United States District Court, W.D. Washington, at Seattle
May 18, 2011
CASE NO. C07-0310JLR (W.D. Wash. May. 18, 2011)

Opinion

CASE NO. C07-0310JLR.

May 18, 2011


ORDER


I. INTRODUCTION

Before the court are Plaintiff Cell Therapeutics, Inc.'s ("CTI") motions for leave to file certain documents under seal (Dkt. # 179) and motion for a protective order (Dkt. # 181). Defendant The Lash Group, Inc. ("Lash") opposes CTI's motion for a protective order ( see Dkt. ## 200, 201), but has filed no opposition to CTI's motion to file certain documents under seal. Having considered the parties' submissions with regard to the foregoing motions, the court GRANTS both motions (Dkt. ## 179, 181).

II. BACKGROUND

The motions before the court involve a 2001 memorandum from Nixon Peabody, LLP containing attorney-client privileged communications to CTI. In an April 26, 2006 letter, the government referenced this memorandum in a letter to CTI's counsel with regard to a qui tam action pending at that time against CTI. (Second Calfo Decl. (Dkt # 205) Ex. 1.) Counsel for CTI responded in a letter dated April 28, 2006, stating that the memorandum had been identified on a privilege log, and that CTI was not prepared to waive the attorney-client privilege or to provide a copy to the government. ( Id.) The underlying qui tam action was settled a year later in April 2007. (Reply (Dkt. # 204) at 5 n. 3.)

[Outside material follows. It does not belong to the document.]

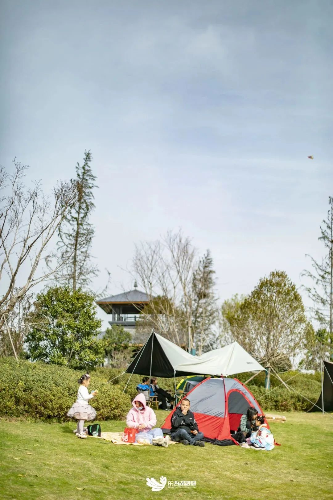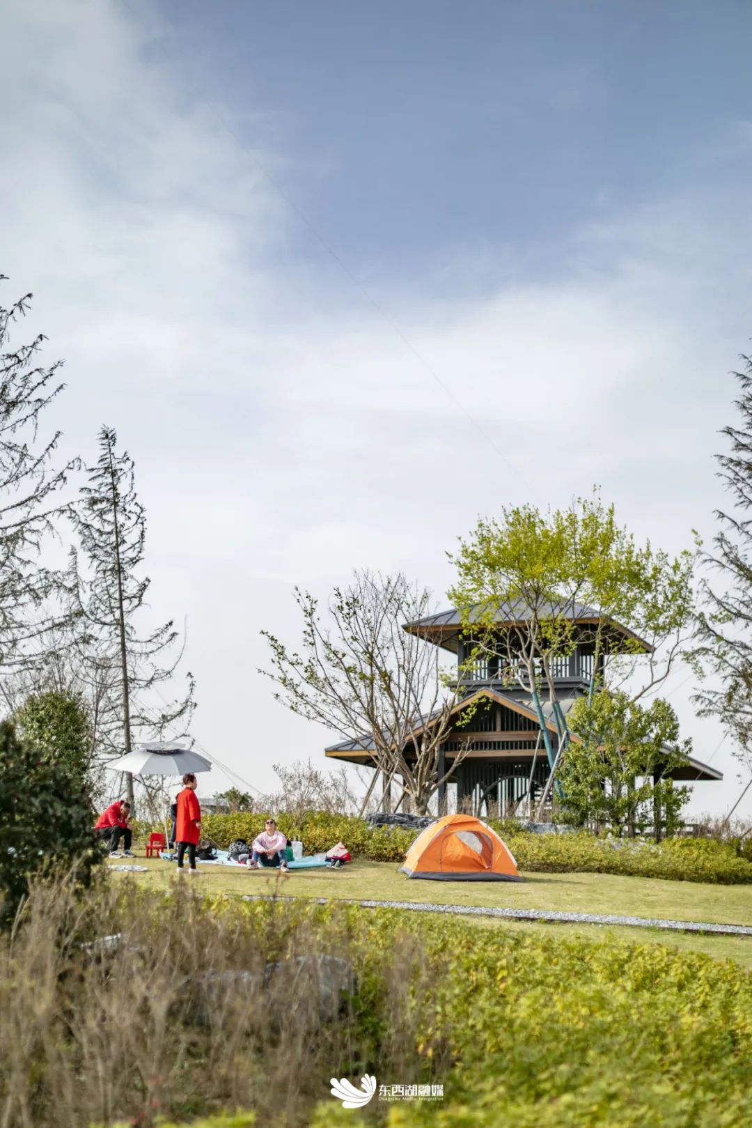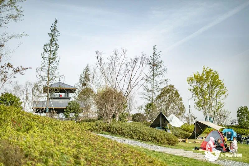 在幺教湖北岸,有大片的临湖草坪。天然的绿草地上,一个个小帐篷拔地而起,就像一朵朵刚冒出头的彩色“蘑菇”,铺一块格子桌布,摆好精心准备的餐食,打开蓝牙音响,放首舒缓的音乐,与朋友拍个vlog,在阳光下聊天开怀大笑……春天的故事也就这样开始了。

In the spring of 2008, prior counsel to CTI learned for the first time that one of CTI's former employees, James Marchese, had provided a copy of the privileged memorandum to both the government and to Lash without authorization from CTI. (Reply at 2; see also Myers Decl. (Dkt. # 201) Ex. C.) CTI's national sales manager had provided a copy of the memorandum to Mr. Marchese so that Mr. Marchese could assist him in understanding the document. (Calfo Decl. (Dkt. ## 180 (sealed), 182 (redacted)) Ex. 2.) At the time, Mr. Marchese was working as a "Specialist" on CTI's reimbursement policies and strategies (a subject of the memorandum). ( Id.)

During an April 2008 Federal Rule of Civil Procedure 37 conference, counsel for CTI informed Lash that CTI did not sanction Mr. Marchese's disclosure of the memorandum and that the memorandum was privileged. (Calfo Decl. Ex. 3.) Nevertheless, a few weeks later, Lash marked the 2001 memorandum as an exhibit during the May 16, 2008 deposition of Mr. Marchese. ( Id., Ex. 2.) Counsel for CTI again objected on grounds of attorney-client privilege. To avoid the possibility of having to depose Mr. Marchese a second time, counsel for both CTI and Lash agreed that the questioning of Mr. Marchese with regard to the memorandum during the course of his deposition would not constitute a waiver of CTI's attorney-client privilege. ( Id.)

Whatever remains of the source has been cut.